Unitymedia wirft Deutschlandradio raus - Gerster: "Nicht hinnehmbar"

Unitymedia wirft Deutschlandradio raus - Gerster: "Nicht hinnehmbar"

Unitymedia wirft Deutschlandradio raus – Gerster: “Nicht hinnehmbar”

Funkstille: Die Programme des Deutschlandradios sind derzeit nicht im baden-württembergischen Kabelnetz zu empfangen.

Kabel-Programme nach Streit um Kosten abgeschaltet

In der Schwäbischen Zeitung berichtete Ulrich Mendelin am 2. Februar:

Ravensburg – Hörer in Baden-Württemberg können die Programme des Deutschlandradios derzeit nicht im Kabelnetz empfangen. Hintergrund ist ein Streit um Einspeiseentgelte. Betroffen sind die Radioprogramme Deutschlandfunk, Deutschlandfunk Kultur und Deutschlandfunk Nova. Online können die Programme weiter empfangen werden, Deutschlandfunk und Deutschlandfunk Kultur darüber hinaus – je nach Region – auch über UKW.

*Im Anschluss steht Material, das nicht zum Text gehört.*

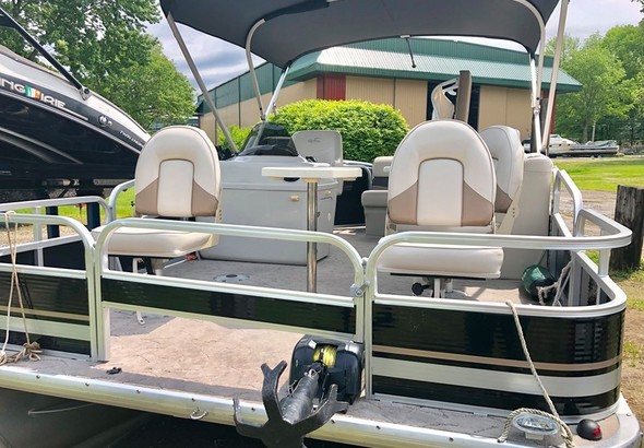 2011 Misty Harbor 2085 FS Pontoon. 20 Foot Pontoon Boat in Beautiful shape. The boat is 2011, Engine new in 2015. Brand new cover and POWER BIMINI TOP was just installed last year.2015 Trailer included and like new (used once)! It has been stored in Indoors Rack Storage. Prepped and winterized - READY for a new owner. New power bimini top. Included depth finder, cover, trailer, Power Bimini Top, anchor, batteries, portable toilet.

Seit dem 22. Januar herrscht Funkstille. Das Unternehmen Unitymedia, das das Kabelnetz in Baden-Württemberg, Hessen und Nordrhein-Westfalen betreibt, verlangt für die Einspeisung der Deutschlandradio-Programme mehr Geld, als Deutschlandradio zu zahlen bereit ist.

Kündigung im Sommer 2018

Nach Darstellung von Unitymedia hat der deutschlandweite Sender mit Sitz in Köln und Berlin im vergangenen Sommer den Verbreitungsvertrag für seine drei Programme zum Ende des Jahres 2018 gekündigt – und explizit erklärt, "dass sie keine Ausstrahlung ihrer Programme mehr nachfragen". Auch an neuen Verhandlungen habe Deutschlandradio kein Interesse gehabt. Daraufhin seien die Programme, wie vorab angekündigt, aus dem Netz genommen worden.

Deutschlandradio spricht von einer "einseitigen Ankündigung" durch Unitymedia, die Programme aus dem Netz zu nehmen. "Wir schließen deshalb keine Verträge mit Unternehmen, deren Bedingungen nach unserer Auffassung vor dem Gebot der Wirtschaftlichkeit und Sparsamkeit keinen Bestand haben", teilt ein Sprecher des Senders auf Nachfrage mit. Man prüfe nun weitere Schritte.

Tatsächlich ist der Fall heikel, denn Deutschlandradio ist wie ARD und ZDF ein öffentlich-rechtlicher, von Rundfunkgebühren finanzierter Sender – und hat damit einen Grundversorgungsauftrag. Daraus ergibt sich auch eine Pflicht zur Verbreitung der Programme.

Der Streit ist nicht neu: ARD und ZDF hatten sich mit den deutschen Kabelnetzbetreibern – neben Unitymedia ist dies Vodafone – einen langjährigen Rechtsstreit um Einspeiseentgelte geliefert. Dieser wurde 2017 beigelegt, die öffentlich-rechtlichen Sender müssen demnach für die Einspeisung ihrer Programme zahlen. Die Einigung umfasst aber nur ARD und ZDF und nicht die Hörfunkprogramme des Deutschlandradios.

Der Biberacher Bundestagsabgeordnete Martin Gerster kritisiert den Streit scharf: "Der aktuelle Zustand ist für mich nicht hinnehmbar." Mit Blick auf Unitymedia mahnt der SPD-Politiker, der Betreiber unterliege einer gesellschaftlichen Verantwortung. "Keiner hat Verständnis dafür, wenn Programme, für die öffentlich-rechtliche Beiträge erhoben werden, nicht zu empfangen sind. Der aktuelle Zustand ist Wasser auf die Mühlen jener Populisten, die die Axt an den öffentlich-rechtlichen Rundfunk legen wollen." In Briefen an Hörfunkrats-Mitglied Martin Rabanus, Unitymedia-Chef Winfried Rapp und die für den Rundfunkstaatsvertrag federführende Ministerpräsidentin Malu Dreyer (SPD) fordert Gerster zügige Abhilfe.